WORK ORDER: The listing below holds pictures; exclude them. Return exactly the lines from the one with "Area itu berupa" through the one with "Menu featuring cocktails".

DATA TO USE:
○ ○ ○

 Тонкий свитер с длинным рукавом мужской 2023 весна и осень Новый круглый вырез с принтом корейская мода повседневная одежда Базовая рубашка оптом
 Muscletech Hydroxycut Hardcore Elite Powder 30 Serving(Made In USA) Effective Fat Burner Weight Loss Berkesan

○ ○ ○

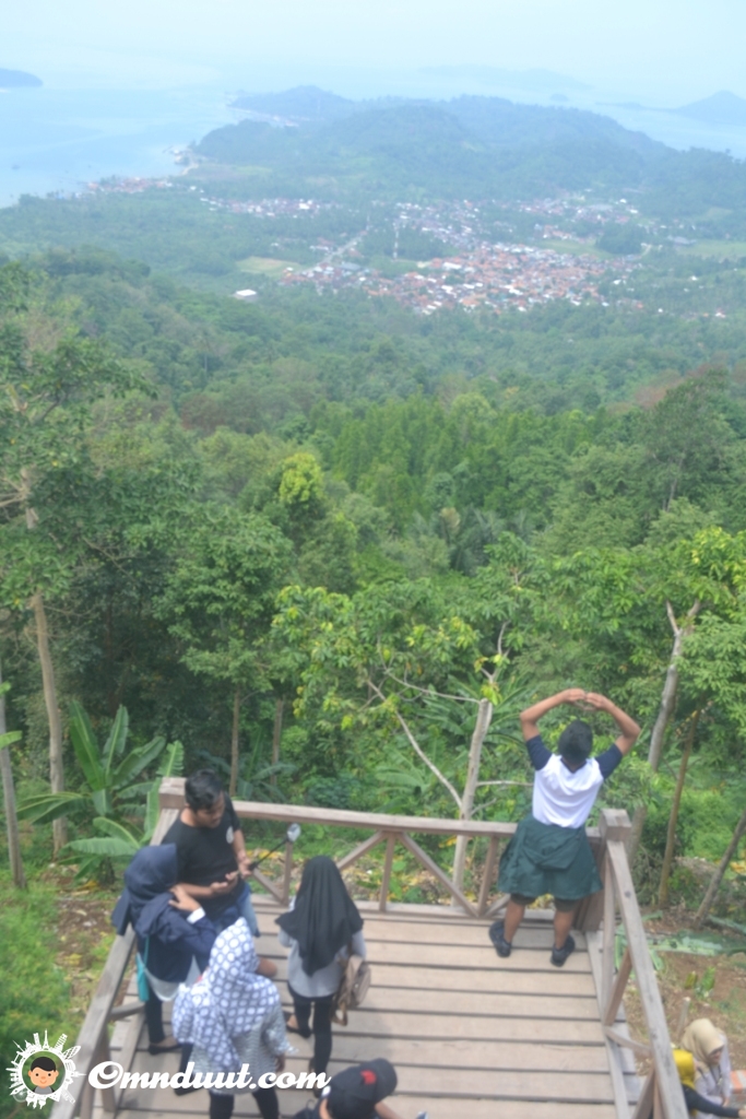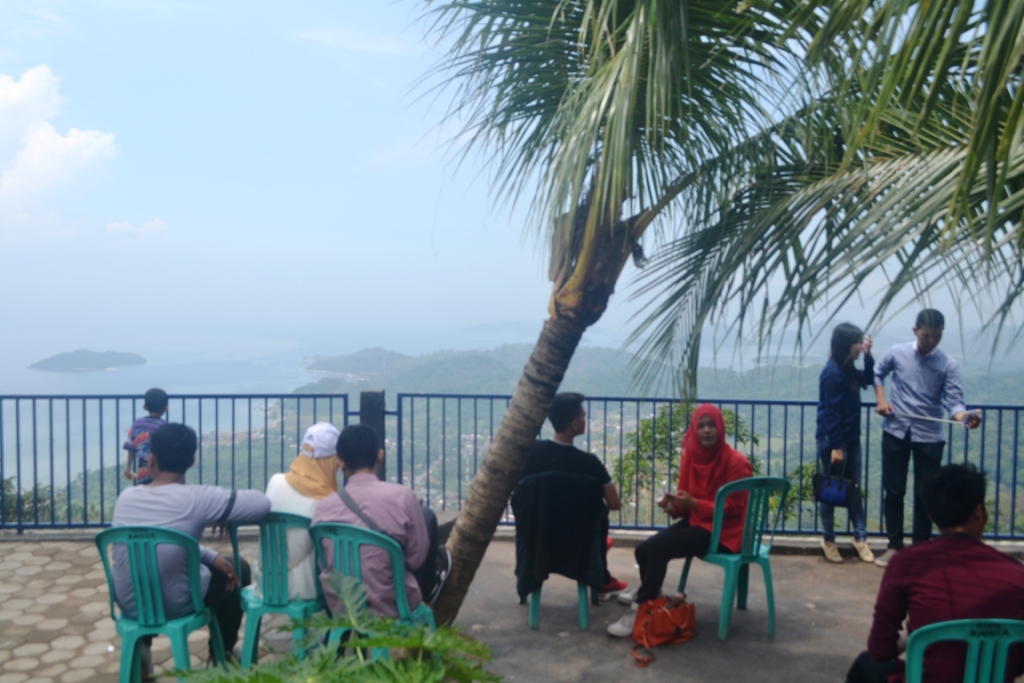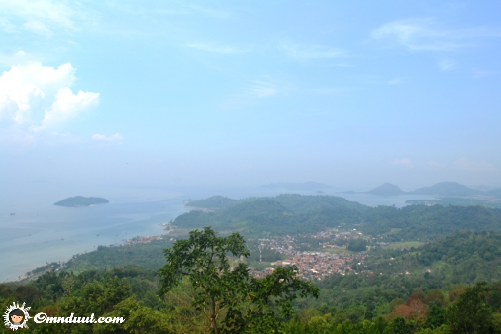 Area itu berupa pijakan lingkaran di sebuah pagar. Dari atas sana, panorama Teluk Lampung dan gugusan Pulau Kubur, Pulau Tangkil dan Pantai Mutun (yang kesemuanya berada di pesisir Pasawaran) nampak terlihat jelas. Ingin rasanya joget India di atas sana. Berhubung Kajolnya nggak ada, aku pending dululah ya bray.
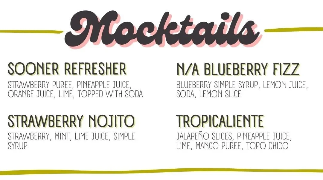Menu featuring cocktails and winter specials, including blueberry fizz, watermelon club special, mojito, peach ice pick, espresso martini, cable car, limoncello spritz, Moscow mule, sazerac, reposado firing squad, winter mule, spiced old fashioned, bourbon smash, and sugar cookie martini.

○ ○ ○

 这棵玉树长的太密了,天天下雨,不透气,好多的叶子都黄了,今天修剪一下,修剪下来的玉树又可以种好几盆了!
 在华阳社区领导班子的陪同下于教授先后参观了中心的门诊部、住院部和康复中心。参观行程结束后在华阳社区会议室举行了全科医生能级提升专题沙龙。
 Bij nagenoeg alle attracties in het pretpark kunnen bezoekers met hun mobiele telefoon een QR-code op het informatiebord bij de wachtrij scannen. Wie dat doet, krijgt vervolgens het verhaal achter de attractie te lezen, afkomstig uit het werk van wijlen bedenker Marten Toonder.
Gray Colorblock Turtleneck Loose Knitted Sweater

○ ○ ○

ANSWER BELOW:
 Area itu berupa pijakan lingkaran di sebuah pagar. Dari atas sana, panorama Teluk Lampung dan gugusan Pulau Kubur, Pulau Tangkil dan Pantai Mutun (yang kesemuanya berada di pesisir Pasawaran) nampak terlihat jelas. Ingin rasanya joget India di atas sana. Berhubung Kajolnya nggak ada, aku pending dululah ya bray.
Menu featuring cocktails and winter specials, including blueberry fizz, watermelon club special, mojito, peach ice pick, espresso martini, cable car, limoncello spritz, Moscow mule, sazerac, reposado firing squad, winter mule, spiced old fashioned, bourbon smash, and sugar cookie martini.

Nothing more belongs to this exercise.